Euravox is not an AI-first company.

In a rush toward AI-in-everything, I have taken the decision to go a different route with Euravox. This is why.

Euravox Logo

But but but... Not jumping in with both feet to generative AI is heresy!

In the current business climate, this is tantamount to sacrilege. How could any company, let alone a hopeful startup, take such a decision?

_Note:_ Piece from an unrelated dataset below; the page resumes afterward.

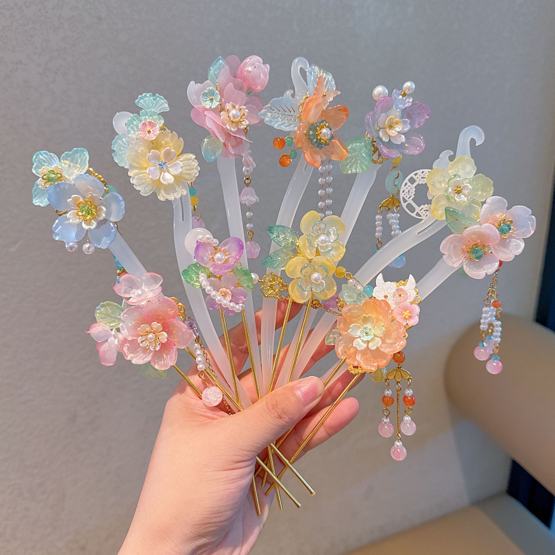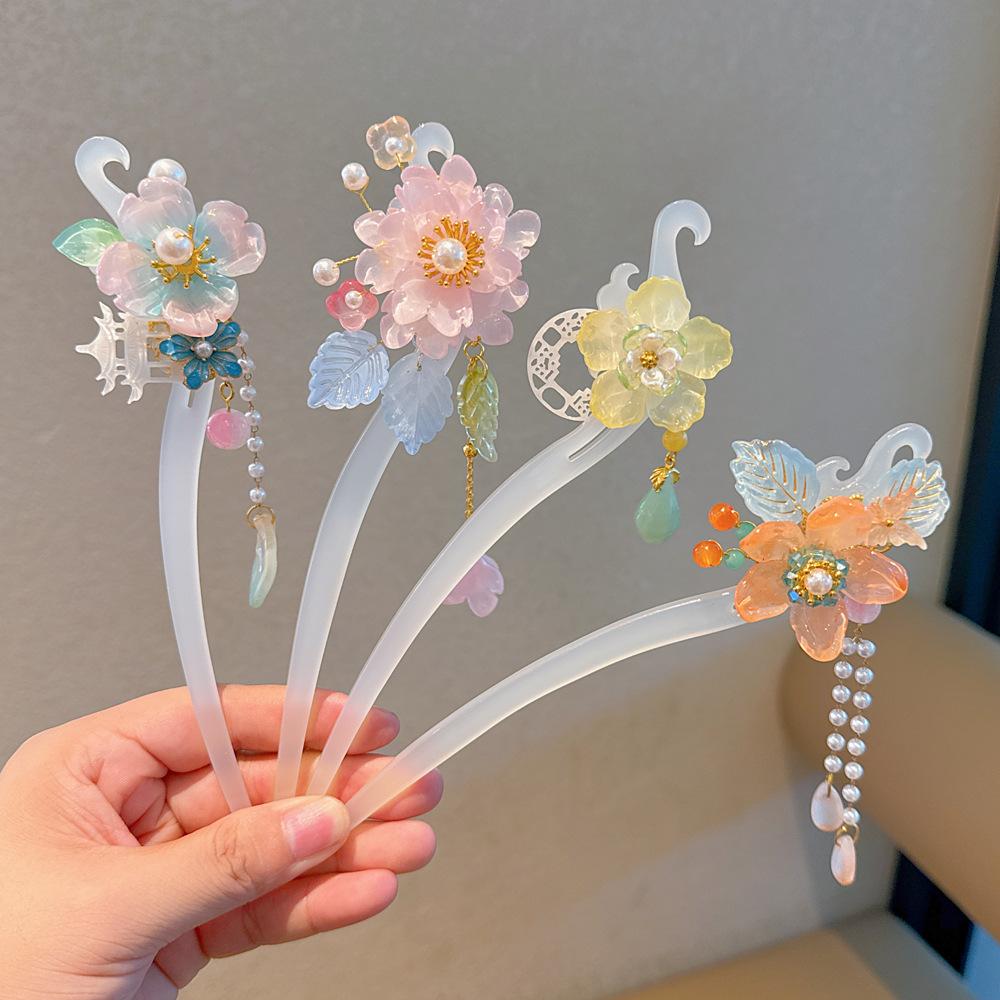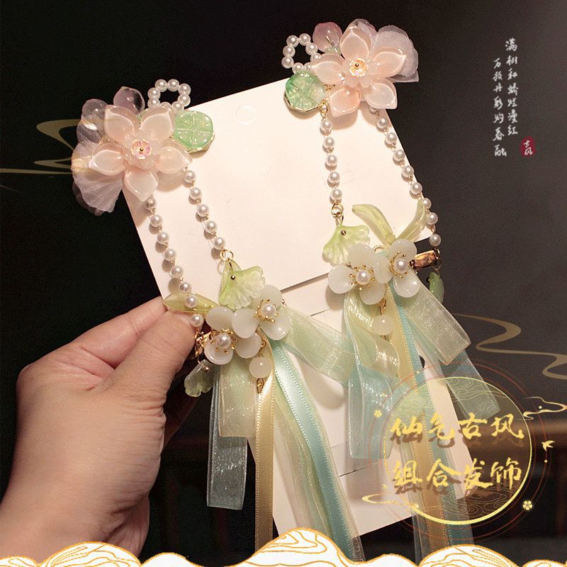 漢服の頭飾り真珠の花のかんざしセットの女の子の古風な服装の装飾品の2024春の新型の古典的な髪飾り

I have my reasons, and they are difficult to refute. I'll take them in turn, then sum up at the end.

Cost

This might be surprising, because the hype says that AI is supposed to be cutting everyone's costs, isn't it? Actually... not so much. Lets make the assumption that every word posted by users to Euravox is going to be passed through (at least) one LLM. Let's assume that we scale to about a million active users, and that each user on average posts about 100 words in total each day. This equates to 100 million words per day. Let's say 200 million tokens per day to take into account encoding inefficiencies and the need to add prompts, take output, etc. This equates to needing about 2250 tokens per second (without headroom to cope with bursts, and this will be bursty traffic). On OpenAI's pricing, that's roughly $350/day, or $128k/year. Not impossible, but not cheap. Gemini would be about $800/day, or a hair under $300k/year. Bearing in mind that OpenAI is almost certainly running at a loss here, this pricing isn't sustainable, and could increase by an order of magnitude.

Running in-house hardware would, to get close to like for like, need to be running something like a Llama 3 405B model, which gets about 142 tokens/sec on an NVIDIA H200. It would require 16 to meet the average token rate, so probably 32 to give some headroom. If you can even get one of those things as a non-hyperscaler, this would be well over $1M factoring in the cost of the machines and other infra needed to run them. Economically, this would break even after about 3 years, so isn't a terrible investment if you have that money to burn up front.

None of these things are happy-making.

Electricity usage and environmental impact

Based on a public estimate for OpenAI of 0.0001 kWh per token, processing 200 million tokens per day would use 20,000 kWh per day, equivalent to about 1,738 average households. I'm not going to try to estimate other environmental impacts, because there aren't good numbers available, but the idea of being responsible for more power usage by a factor of about 8 than the entire small town I live in doesn't sit well with me.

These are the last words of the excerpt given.